So much is made of teenage angst that we forget that childhood can be pretty angsty itself. The scrutiny of unfamiliar kids on the playground, the betrayal of friends who’ve transferred their loyalties to some mystery boy who just moved in down the block felt like the whole world had come apart at the seams and there was no way anything would be right ever again.
Mylan Nguyen remembers, and moreover she gets them both. In those days hopped up on Kool Aid, there was usually only one option available, the flight response, usually accompanied by copious tears. In the drawing above we also get the “and I’m taking my toys with me” declaration, which was hoped would raise the stakes, depending on the attachment value of the toy in question. All was lost, but even then we realized a bit of coercion in the midst of our strategic withdrawal certainly couldn’t hurt.

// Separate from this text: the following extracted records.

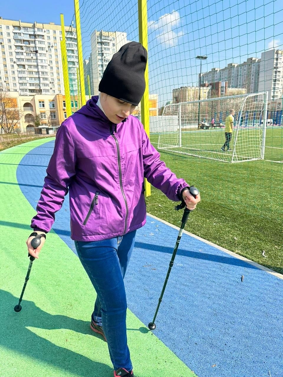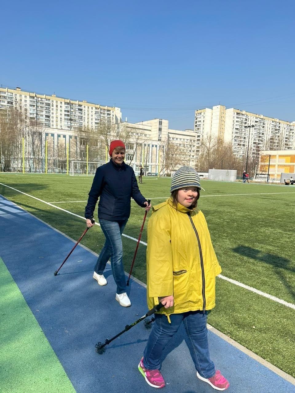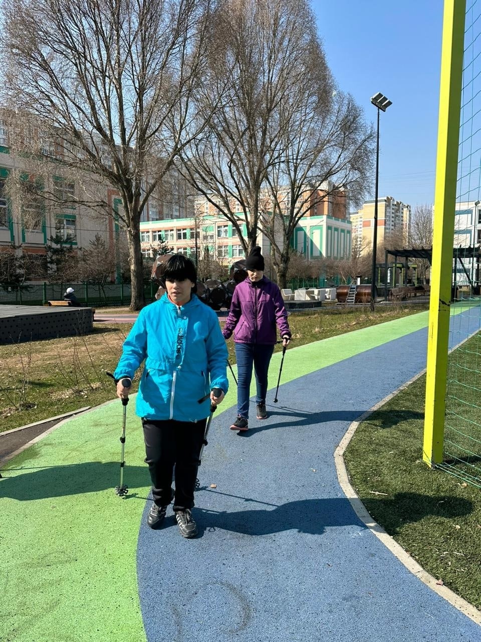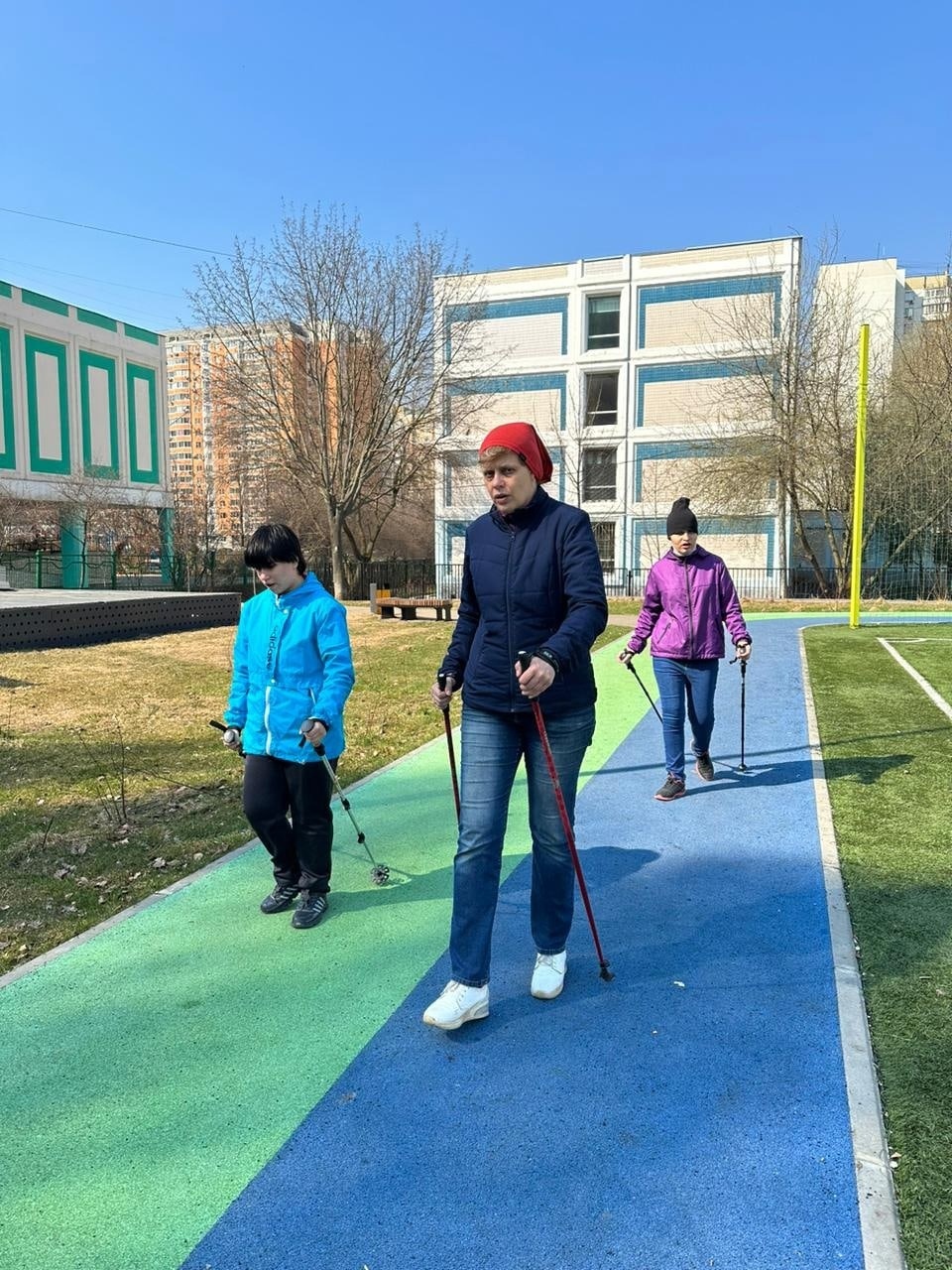 Скандинавская ходьба выходит у девочек всё лучше и лучше. Правда, Настя сейчас не занимается, у неё проблемы с ногой. Лена ходит уже очень хорошо, у Лизы К. тоже явный прогресс, но ей трудно следить за осанкой: она постоянно наклоняется, чтобы смотреть, куда ставить палки, и приходится ей всё время напоминать выпрямляться. Лиза Р., по-моему, большая халтурщица: если я на неё не смотрю, она особо не старается)) Кружочек пройдет и “давай домой”. Но в целом я у всех вижу прогресс: девочки лучше ставят ноги, лучше работают палками. И мой сын вместе с ними.
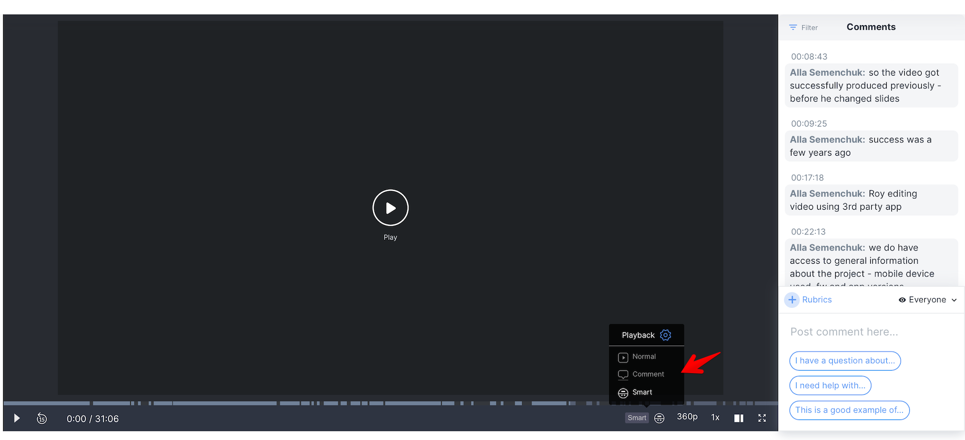 Collaboration is wonderful and often produces lots of comments. To save time, you can automatically skip to high-impact sections of the video where a comment was posted. When three or more comments are present in a video, enable Comment Playback while watching to optimize playback based on comments, including the Bookmarks! The video automatically starts playing 10 seconds before the moment when the comment was left until 10 seconds after this moment and then transitions to the next comment. -
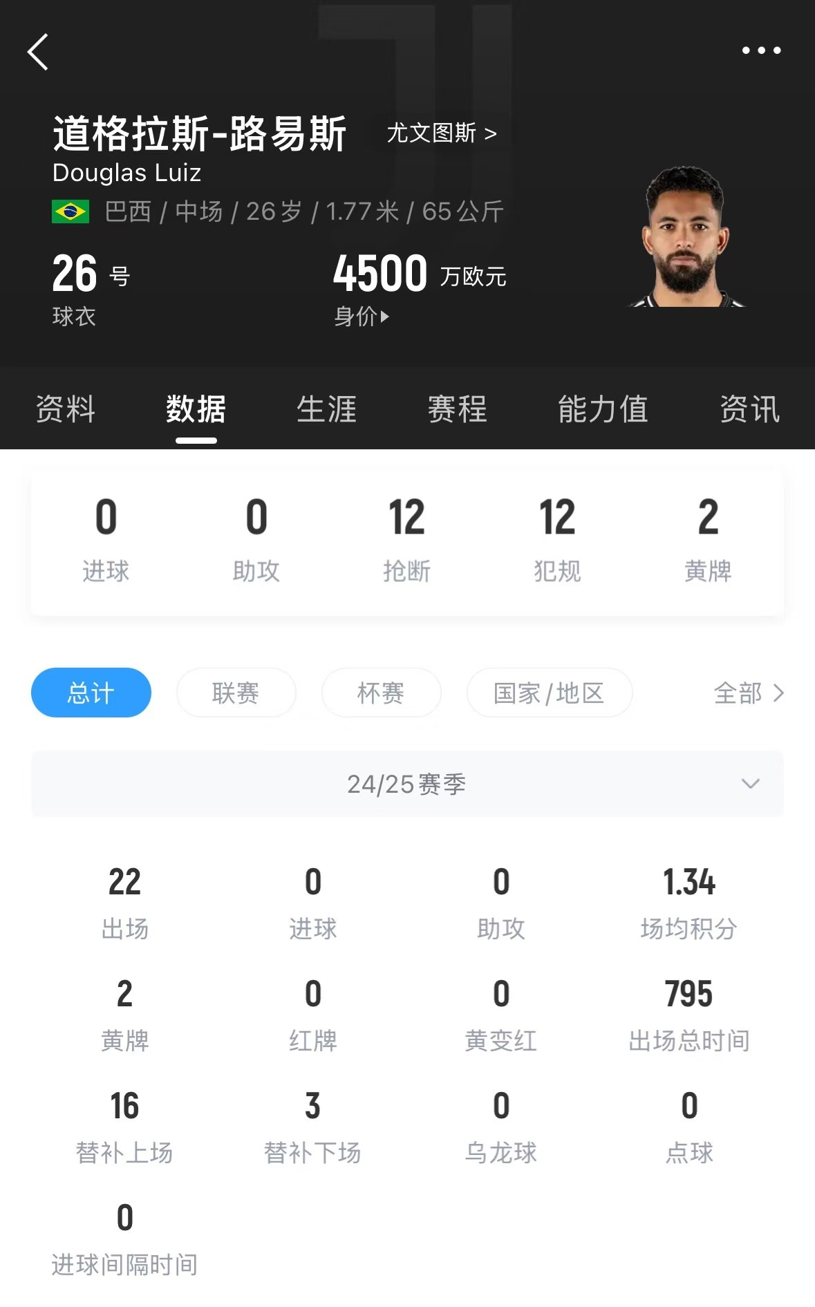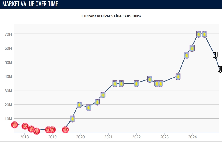 尤文在去年夏天花費5150萬(wàn)歐元從維拉引進(jìn)這名中場(chǎng),本賽季他為尤文出戰22場(chǎng)比賽,沒(méi)有取得進(jìn)球和助攻。值得一提的是,在加盟尤文以后,他的德轉身價(jià)已由原先的7000萬(wàn)歐元,跌至目前的4500萬(wàn)歐元。
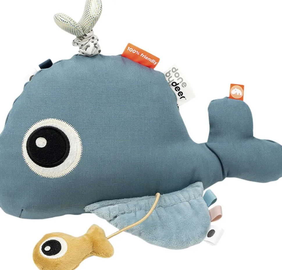 De små underholdes af deres eget spejlbillede, hvilket gør Wally-gulvspejlet ideelt når baby skal øve sig i at ligge på maven. De mange sensoriske funktioner og detaljer vil bidrage til længere og mere aktiv tid på maven for de små. Spejlet, farverige mærker, taktile detaljer, knitre- og klokkelyde stimulerer de små sanser. Lad de små trække i vanddråberne på Wallys hoved og mærk hvordan hele hvalen vibrerer eller opdag hvordan Wallys fiskeven gemmer sig under hvalens finne. Wallys mange funktioner understøtter dit barns udvikling fra aktivitet på mave til siddende leg. Den søde hval står stabilt på gulvet da bunden er fyldt med sand og den kan let flyttes. Den blå hval og sandfarvede fisk er klar til masser af leg.
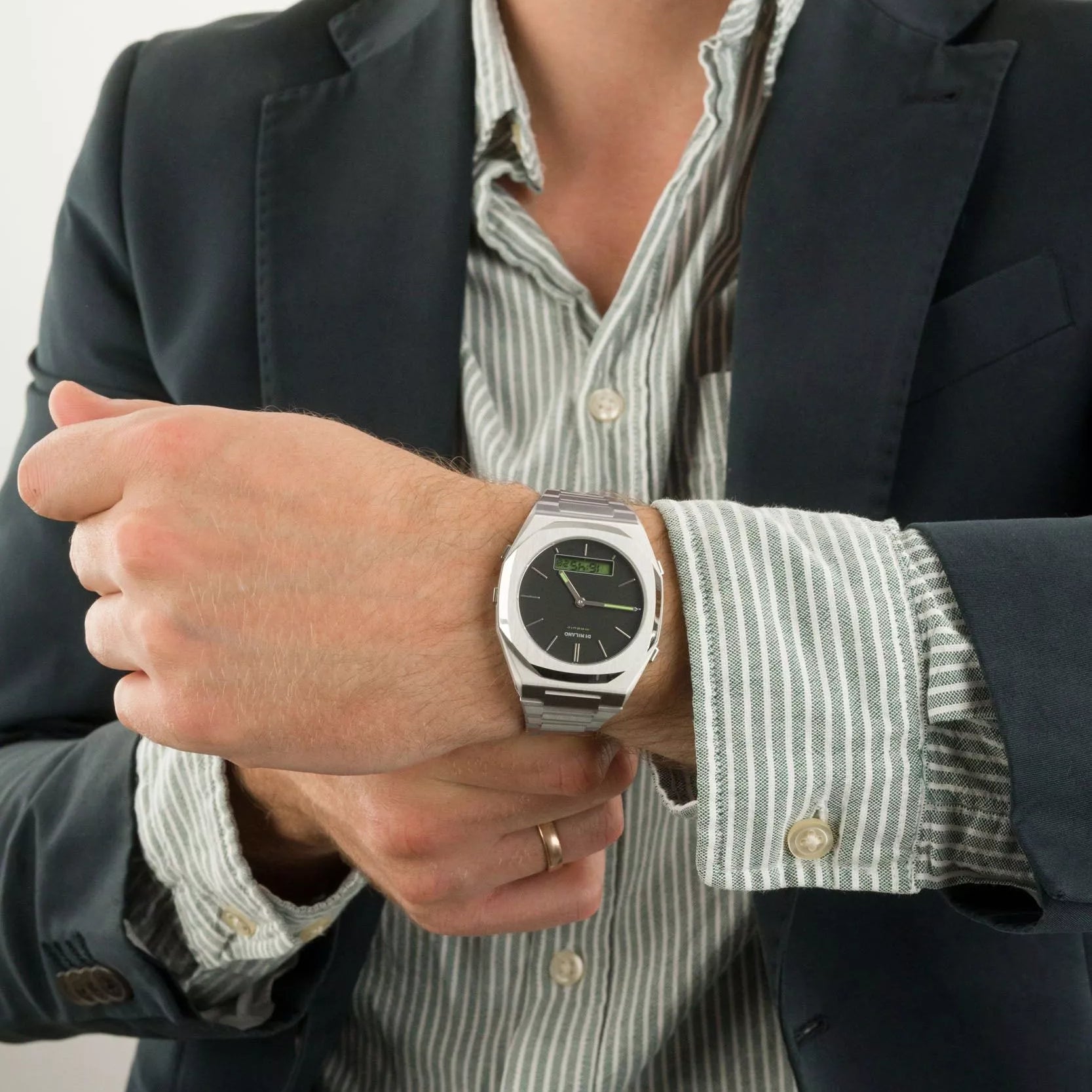 Introducing the D1 MILANO D1-DGBJ01 watch, a stunning blend of sophistication and functionality. With its striking black dial and luxurious stainless steel case and band, this elegant timepiece is perfect for the modern man. Boasting 5 ATM water resistance and precise quartz movement, this watch is designed for those who appreciate style and performance. Make a statement—explore more!
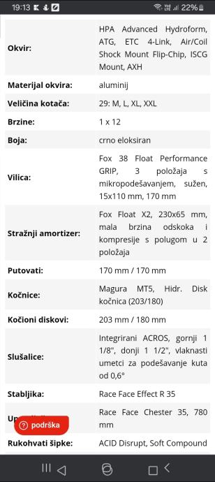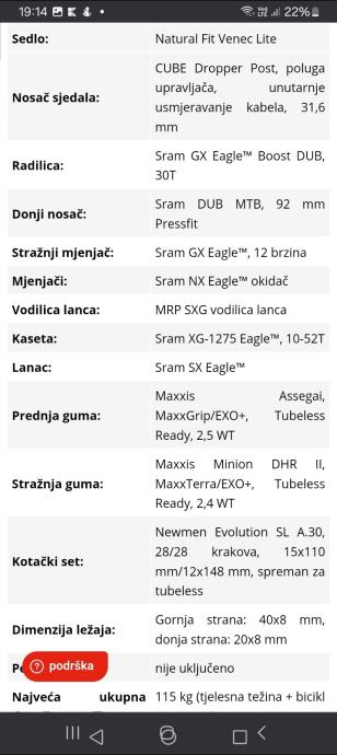 Prodajem navedeni MTB full suspension bicikl L veličine u odličnom stanju. Bicikl je kupljen u Kiendl sportu 09/2024 godine, te za isti posjedujem račun. Sa biciklom je prijeđeno cca 300 km, a razlog prodaje je zdravstveni. U 8.mjesecu je napravljen veliki redovni servis. U fotografijama se nalazi i specifikacija.
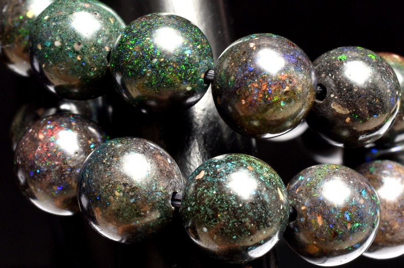 肉眼でも遊色は見られますが、強い光に当てると、まるで宇宙を見ているかのようにキラキラと煌めく美しいタイプ。
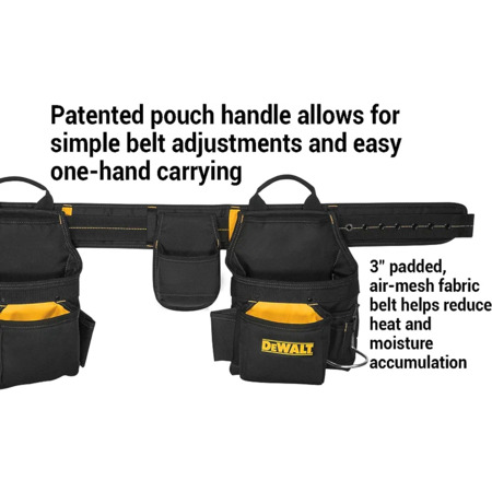 - Patented pouch handle allows for simple belt adjustments and easy one-hand carrying

88point5 which is featuring Nguyen’s work this month is an interesting new venue that resides only in cyberspace. The brain child of Gallery 1988 owners Jensen Karp and Katie Cromwell, the site was created to resolve a problem they saw in typical gallery schedules. Since shows at brick and mortar operations were being booked so far in advance, they feared that promising artists would be overlooked or have to wait years to get any kind of exposure.
Thus, each month they’ve been showcasing the work of a new individual, offering their work at unbelievably tempting prices. Nguyen mentions in her bio that she wants to “tell a million zillion little stories through my art before I die,” and it’s this aspect that I find really appealing in her drawings. The characters compel you to work up impromptu histories in your head, the situations suggest more to come (how long will that cat stare at the bird before the inevitable happens in Strawberry Dress?). Just as Taking the Baby sums up our childhood insecurities so well, Hate You is the perfect representation of the teen years, when our emotional responses reach elemental proportions.